筛选表达式的限制之一是请求的最大大小限制。One of the limits on a filter expression is the maximum size limit of the request. 整个 POST 请求(包括筛选器)最大可为 16 MB;对于 GET 请求,最大可为 8 KB。The entire request, inclusive of the filter, can be a maximum of 16 MB for POST, or 8 KB for GET. 筛选表达式中的子句数也有限制。There is also a limit on the number of clauses in your filter expression. 根据经验,如果有数百个子句,则就存在达到限制的风险。A good rule of thumb is that if you have hundreds of clauses, you are at risk of running into the limit. 我们建议正确设计应用程序,使之不会生成大小不受限制的筛选器。We recommend designing your application in such a way that it does not generate filters of unbounded size.

以下示例显示了多个 API 中的原型筛选器定义。The following examples represent prototypical filter definitions in several APIs.

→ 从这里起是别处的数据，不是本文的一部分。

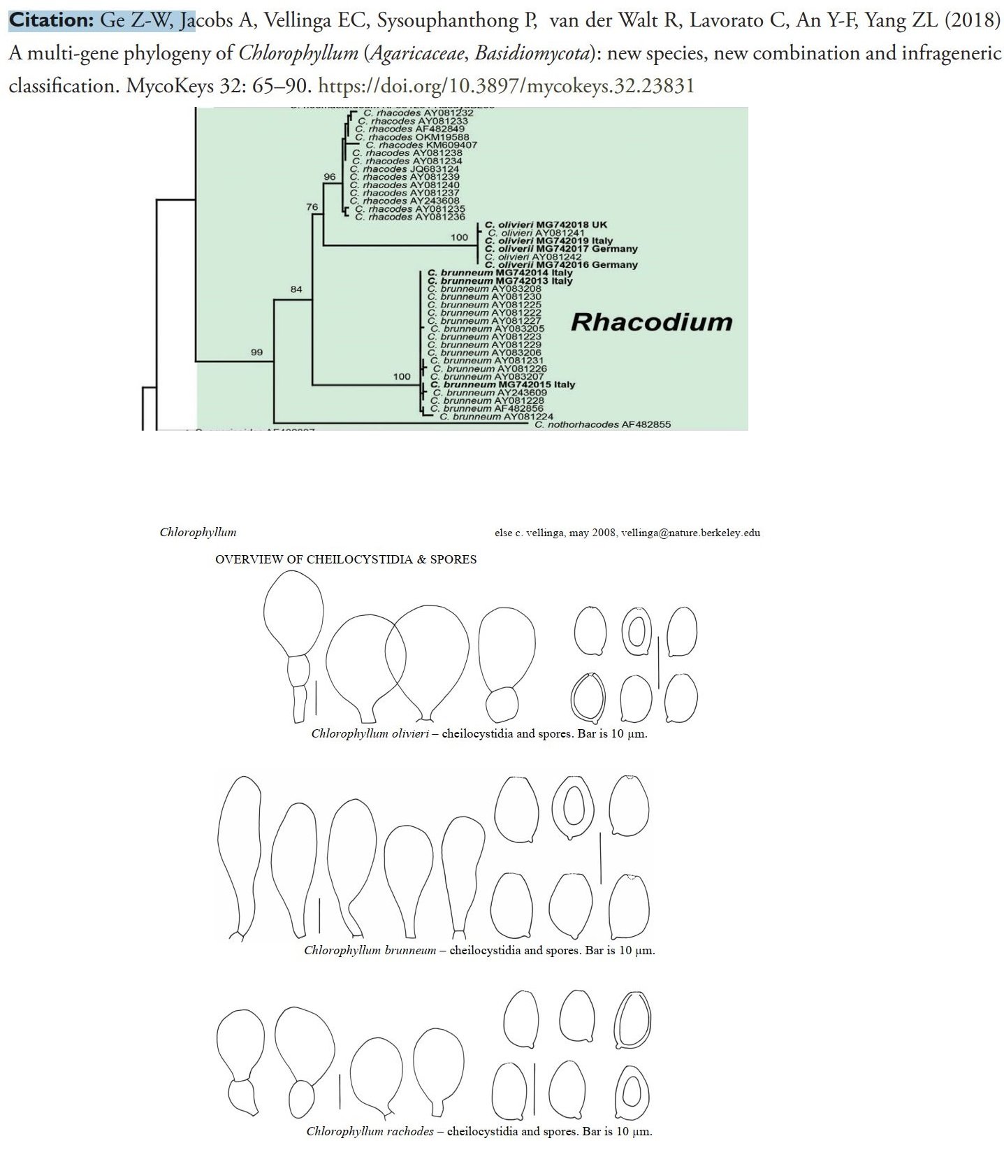 Une parenthèse. Il y a quelques temps j'avais entamé un petit travail non achevé en raison des sécheresses successives qui m'ont empêché d'échantillonner correctement mes espèces de Chlorophyllum. Pour comparer rhacodes et olivieri, j'avais noté que les cellules marginales (ou cheilocystides) ne sont pas assez caractéristiques et variables avec l'âge du champignon. Pour les spores, j'avais noté des différences intraspécifiques (mais par manque d'échantillon, cela reste une observation faible). Par contre, l'habitat était pour moi un élément capital, même si parfois cela pouvait être limite dans les zones en lisières de forêt : présence d'olivieri et rhacodes. Aucun olivieri en zone urbaine d'observé par exemple. La couleur du chapeau est aussi un élément très important, mais il existe des récoltes trompeuses d'olivieri qui peuvent être assez claires au début.

# Option 1:  Use $filter for GET
GET https://[service name].search.azure.cn/indexes/hotels/docs?api-version=2020-06-30&search=*&$filter=Rooms/any(room: room/BaseRate lt 150.0)&$select=HotelId, HotelName, Rooms/Description, Rooms/BaseRate

# Option 2: Use filter for POST and pass it in the request body
POST https://[service name].search.azure.cn/indexes/hotels/docs/search?api-version=2020-06-30
{
    "search": "*",
    "filter": "Rooms/any(room: room/BaseRate lt 150.0)",
    "select": "HotelId, HotelName, Rooms/Description, Rooms/BaseRate"
}
    parameters =
        new SearchParameters()
        {
            Filter = "Rooms/any(room: room/BaseRate lt 150.0)",
            Select = new[] { "HotelId", "HotelName", "Rooms/Description" ,"Rooms/BaseRate"}
        };

    var results = searchIndexClient.Documents.Search("*", parameters);

筛选器使用模式Filter usage patterns

以下示例演示了筛选器方案的多种使用模式。The following examples illustrate several usage patterns for filter scenarios. 有关更多思路,请参阅 OData 表达式语法 > 示例For more ideas, see OData expression syntax > Examples.

  • 单独使用 $filter 而不使用查询字符串:如果筛选表达式能够完全限定所需的文档,则此模式很有效。Standalone $filter, without a query string, useful when the filter expression is able to fully qualify documents of interest. 不使用查询字符串也就不会执行词法或语言分析、评分和排名。Without a query string, there is no lexical or linguistic analysis, no scoring, and no ranking. 请注意,搜索字符串只是一个星号,表示“匹配所有文档”。Notice the search string is just an asterisk, which means "match all documents".

    search=*&$filter=Rooms/any(room: room/BaseRate ge 60 and room/BaseRate lt 300) and Address/City eq 'Honolulu'
    
  • 将查询字符串与 $filter 结合使用:让筛选器创建子集,让查询字符串提供字词输入,用于对筛选的子集进行全文搜索。Combination of query string and $filter, where the filter creates the subset, and the query string provides the term inputs for full text search over the filtered subset. 添加搜索词(“步行距离内的影院”)可以在结果中引入搜索分数,与搜索词最匹配的文档的排名较高。The addition of terms (walking distance theaters) introduces search scores in the results, where documents that best match the terms are ranked higher. 将筛选器与查询字符串结合使用是最常见的使用模式。Using a filter with a query string is the most common usage pattern.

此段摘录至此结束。